▸ **Exercise instructions**:
If any record holds an image, omit the image and print the rest exactly.

Data excerpts:
+--

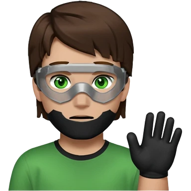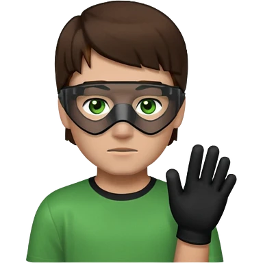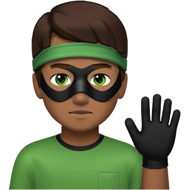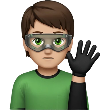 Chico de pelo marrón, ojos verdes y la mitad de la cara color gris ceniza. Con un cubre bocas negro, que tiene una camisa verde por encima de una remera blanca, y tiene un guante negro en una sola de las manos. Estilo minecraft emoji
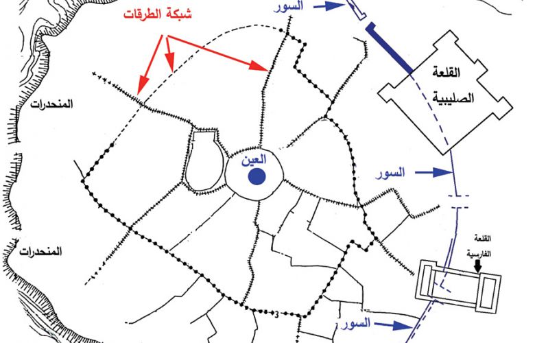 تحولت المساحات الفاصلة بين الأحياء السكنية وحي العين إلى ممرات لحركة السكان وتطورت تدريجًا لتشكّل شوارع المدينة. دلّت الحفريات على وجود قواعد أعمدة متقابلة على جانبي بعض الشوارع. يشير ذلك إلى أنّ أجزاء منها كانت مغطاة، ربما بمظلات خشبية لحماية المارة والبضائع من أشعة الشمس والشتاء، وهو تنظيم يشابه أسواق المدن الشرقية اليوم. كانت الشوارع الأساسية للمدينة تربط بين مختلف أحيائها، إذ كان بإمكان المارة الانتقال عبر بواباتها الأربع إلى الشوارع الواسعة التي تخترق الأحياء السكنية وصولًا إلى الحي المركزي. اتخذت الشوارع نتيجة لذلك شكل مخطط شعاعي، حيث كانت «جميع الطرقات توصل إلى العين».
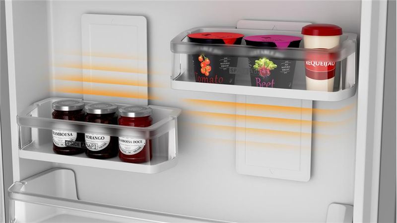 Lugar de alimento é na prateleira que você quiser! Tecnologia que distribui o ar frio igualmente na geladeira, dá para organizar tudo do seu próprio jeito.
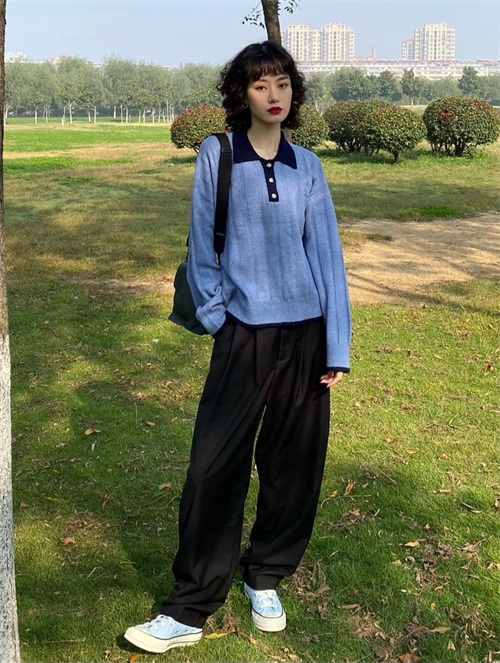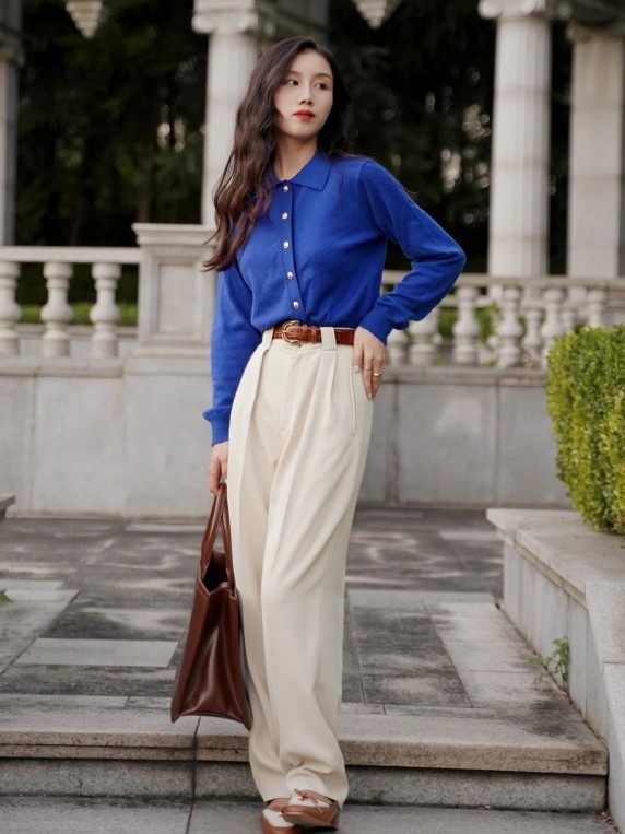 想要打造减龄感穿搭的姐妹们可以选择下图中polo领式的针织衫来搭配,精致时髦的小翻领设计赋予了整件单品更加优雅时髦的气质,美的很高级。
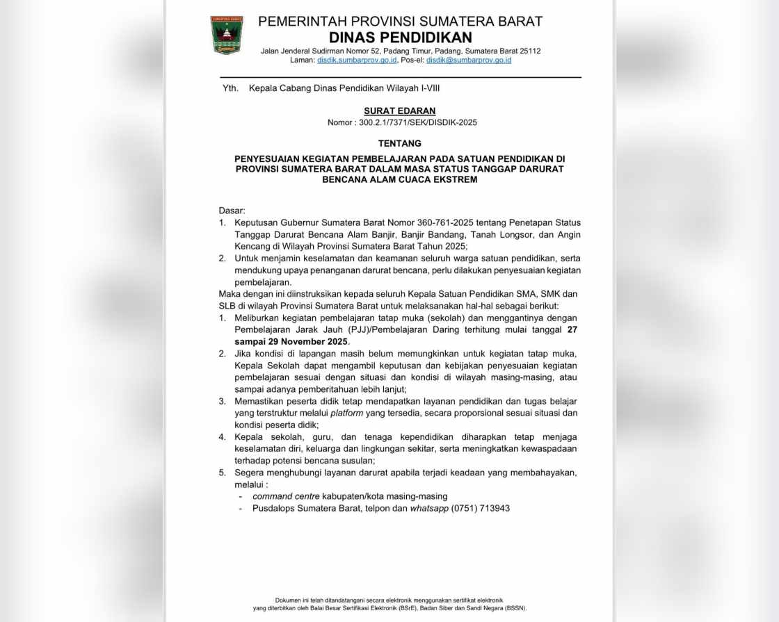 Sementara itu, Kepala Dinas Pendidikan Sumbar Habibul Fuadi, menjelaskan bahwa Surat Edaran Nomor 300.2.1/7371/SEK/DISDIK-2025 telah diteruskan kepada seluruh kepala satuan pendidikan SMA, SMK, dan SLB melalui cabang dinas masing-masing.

+--

▸ **Written reply**:
 Chico de pelo marrón, ojos verdes y la mitad de la cara color gris ceniza. Con un cubre bocas negro, que tiene una camisa verde por encima de una remera blanca, y tiene un guante negro en una sola de las manos. Estilo minecraft emoji
 تحولت المساحات الفاصلة بين الأحياء السكنية وحي العين إلى ممرات لحركة السكان وتطورت تدريجًا لتشكّل شوارع المدينة. دلّت الحفريات على وجود قواعد أعمدة متقابلة على جانبي بعض الشوارع. يشير ذلك إلى أنّ أجزاء منها كانت مغطاة، ربما بمظلات خشبية لحماية المارة والبضائع من أشعة الشمس والشتاء، وهو تنظيم يشابه أسواق المدن الشرقية اليوم. كانت الشوارع الأساسية للمدينة تربط بين مختلف أحيائها، إذ كان بإمكان المارة الانتقال عبر بواباتها الأربع إلى الشوارع الواسعة التي تخترق الأحياء السكنية وصولًا إلى الحي المركزي. اتخذت الشوارع نتيجة لذلك شكل مخطط شعاعي، حيث كانت «جميع الطرقات توصل إلى العين».
 Lugar de alimento é na prateleira que você quiser! Tecnologia que distribui o ar frio igualmente na geladeira, dá para organizar tudo do seu próprio jeito.
 想要打造减龄感穿搭的姐妹们可以选择下图中polo领式的针织衫来搭配,精致时髦的小翻领设计赋予了整件单品更加优雅时髦的气质,美的很高级。
 Sementara itu, Kepala Dinas Pendidikan Sumbar Habibul Fuadi, menjelaskan bahwa Surat Edaran Nomor 300.2.1/7371/SEK/DISDIK-2025 telah diteruskan kepada seluruh kepala satuan pendidikan SMA, SMK, dan SLB melalui cabang dinas masing-masing.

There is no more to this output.